Em 1995, a iniciativa privada cria o Certificado de Investimento Audiovisual, que tornou possível a dedução, do imposto de renda, os valores investidos, por empresas, em projetos cinematográficos. Ballerini (2012, p. 42) afirma que este cenário “criou condições para que as distribuidoras internacionais instaladas no Brasil investissem em projetos cinematográficos nacionais, pois elas podiam debitar esses investimentos do imposto pago sobre a remessa de rendimentos”. A partir de então, começam a ser produzidos ainda mais filmes nacionais, em quantidade jamais antes registrada na história cinematográfica do país (BALLERINI, 2012). No mesmo ano, é lançado o filme Carlota Joaquina, Princesa do Brazil, 38 de , produção considerada, por Ballerini (2012), um marco na “Retomada” do cinema, devido ao seu sucesso, mesmo sem uma distribuidora. Outra produção, O quatrilho, indicado ao Oscar de Melhor Filme Estrangeiro, também marcou a recuperação do cinema nacional (IKEDA, 2015).
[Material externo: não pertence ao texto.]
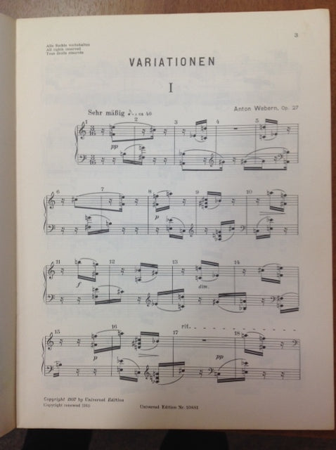 Anton Webern Variationen für Klavier opus 27 partition piano

Com a chegada de Fernando Henrique Cardoso à Presidência da República, em 1995, outras mudanças, segundo Ballerini (2012), ocorreram na área cultural e de cinema. Houve um aumento significativo nos orçamentos do Ministério da Cultura, que alcançaram quase 500 milhões de reais. Além disso, foram realizadas modificações na alíquota de dedução do imposto de renda e possibilidade de submissão de projetos em qualquer momento do ano, os quais eram avaliados em 60 dias, e não em 90, como anteriormente. Também houve um aumento do limite de captação de recursos, passando de R$ 1,5 milhões para R$ 3 milhões, dando espaço para produções com maior valor, como Tieta do Agreste (R$ 5 milhões) e Guerra de Canudos (R$ 7 milhões), de 1996 e 1997, respectivamente. Mesmo com incentivos mais intensos ao cinema, as empresas que seguiam valorizando as produções nacionais ainda eram as estatais, como a Petrobrás, o Banco do Brasil, a Telebras e a Eletrobras (BALLERINI, 2012).

Outro grande marco, na história do cinema nacional, segundo Ballerini (2012), foi a criação da Globo Filmes, em 1998. A empresa, da Rede Globo de Televisões, apresentou o seu primeiro filme em 2000, denominada O Auto da Compadecida, que levou 2,1 milhões de pessoas ao cinema. Com isso, um novo ciclo se inicia, no qual se estabelece a relação entre o cinema brasileiro e a televisão no país, que antes era escassa. A produtora da Rede Globo criou uma concentração grande de público, levando milhares de brasileiros às salas de cinema. “Em 2003, por exemplo, os espectadores que assistiram aos títulos coproduzidos pela Globo Filmes representaram 92% do público das produções nacionais naquele ano, sendo que essa porcentagem se repetiu em 2004” (BALLERINI, 2012, p. 43).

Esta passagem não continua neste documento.